Efficient Function Orchestration for Large Language Models
Xiaoxia Liu, Peng Di, Cong Li, Jun Sun, Jingyi Wang
TL;DR
Efficient Function Orchestration for Large Language Models addresses the inefficiency of sequential function calling by introducing LLMOrch, a framework that leverages def-use data-relations and mutual-exclusion control-relations to orchestrate parallel function calls. It decouples query translation, relation discovery, and execution scheduling, enabling processor-aware, fault-tolerant parallelism for IO- and compute-intensive tasks.

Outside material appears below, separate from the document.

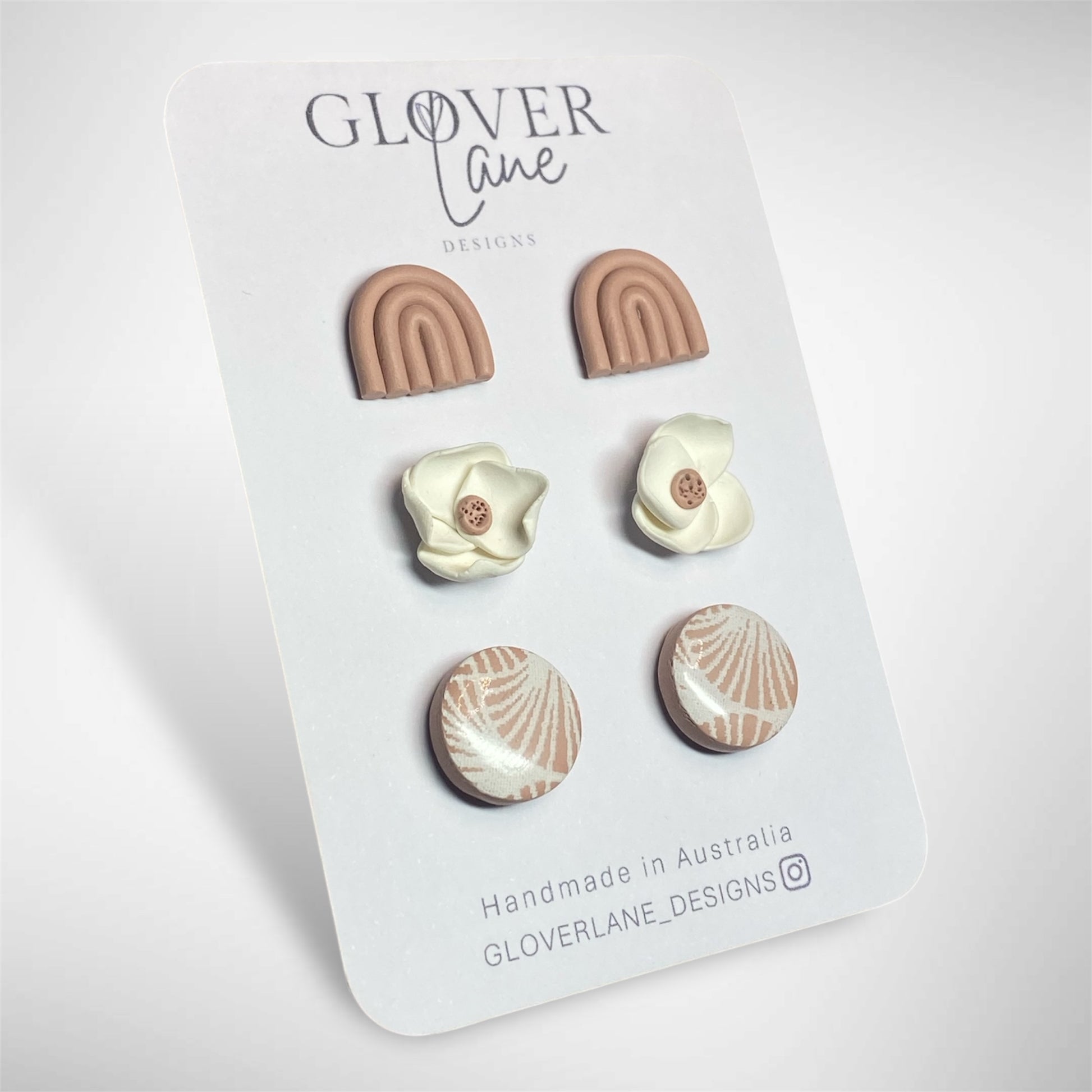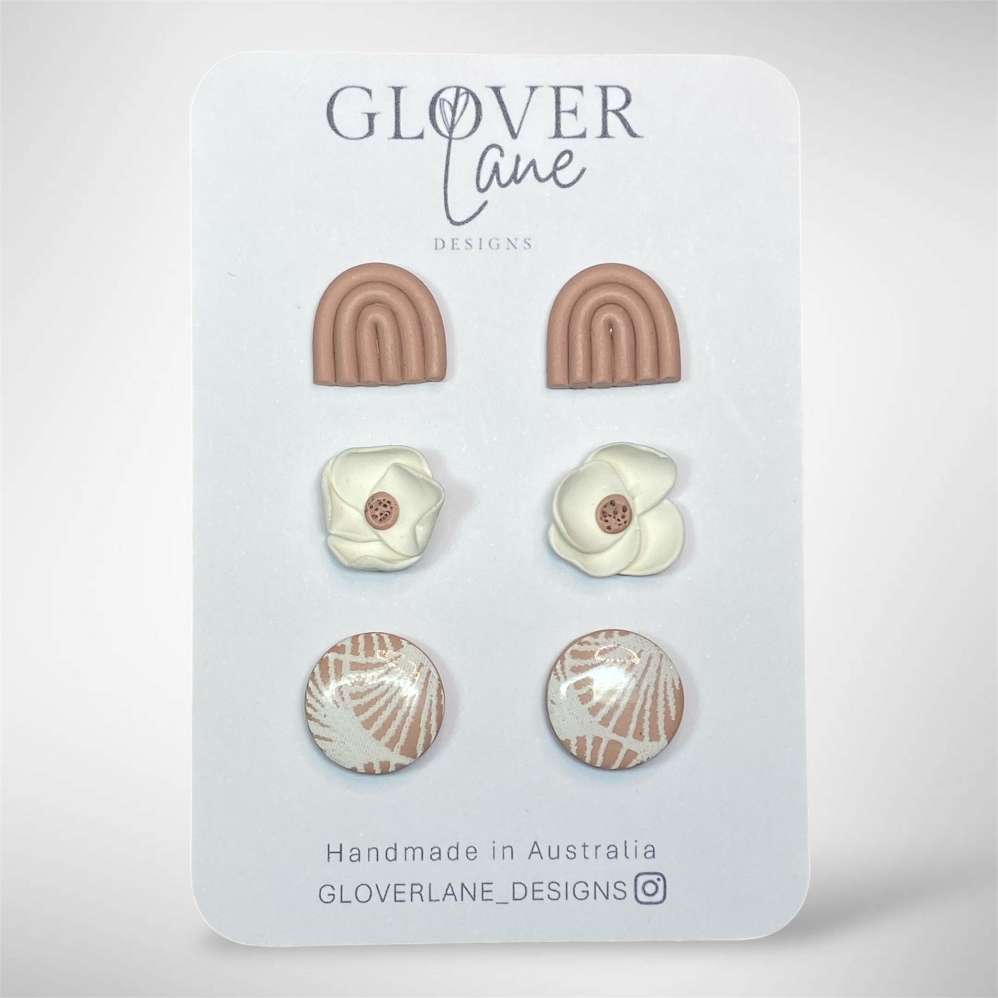 This beautiful floral stud pack features a trio of handcrafted polymer clay earrings in a sophisticated delicate pink palette.

Across diverse benchmarks and real-world scenarios, LLMOrch achieves competitive or superior latency speedups while reducing token costs and maintaining accuracy, with performance scaling roughly linearly with the number of processors. By presenting a principled FRG-based approach and explicit error-recovery mechanisms, the work offers a practical, open-source solution for reliable, scalable LLM-driven software orchestration.
Abstract
Function calling is a fundamental capability of today's large language models, but sequential function calling posed efficiency problems. Recent studies have proposed to request function calls with parallelism support in order to alleviate this issue. However, they either delegate the concurrent function calls to users for execution which are conversely executed sequentially, or overlook the relations among various function calls, rending limited efficiency. This paper introduces LLMOrch, an advanced framework for automated, parallel function calling in large language models. The key principle behind LLMOrch is to identify an available processor to execute a function call while preventing any single processor from becoming overburdened. To this end, LLMOrch models the data relations (i.e., def-use) among different function calls and coordinates their executions by their control relations (i.e., mutual-exclusion) as well as the working status of the underlying processors. When comparing with state-of-the-art techniques, LLMOrch demonstrated comparable efficiency improvements in orchestrating I/O-intensive functions, while significantly outperforming (2$\times$) them with compute-intensive functions. LLMOrch's performance even showed a linear correlation to the number of allocated processors. We believe that these results highlight the potential of LLMOrch as an efficient solution for parallel function orchestration in the context of large language models.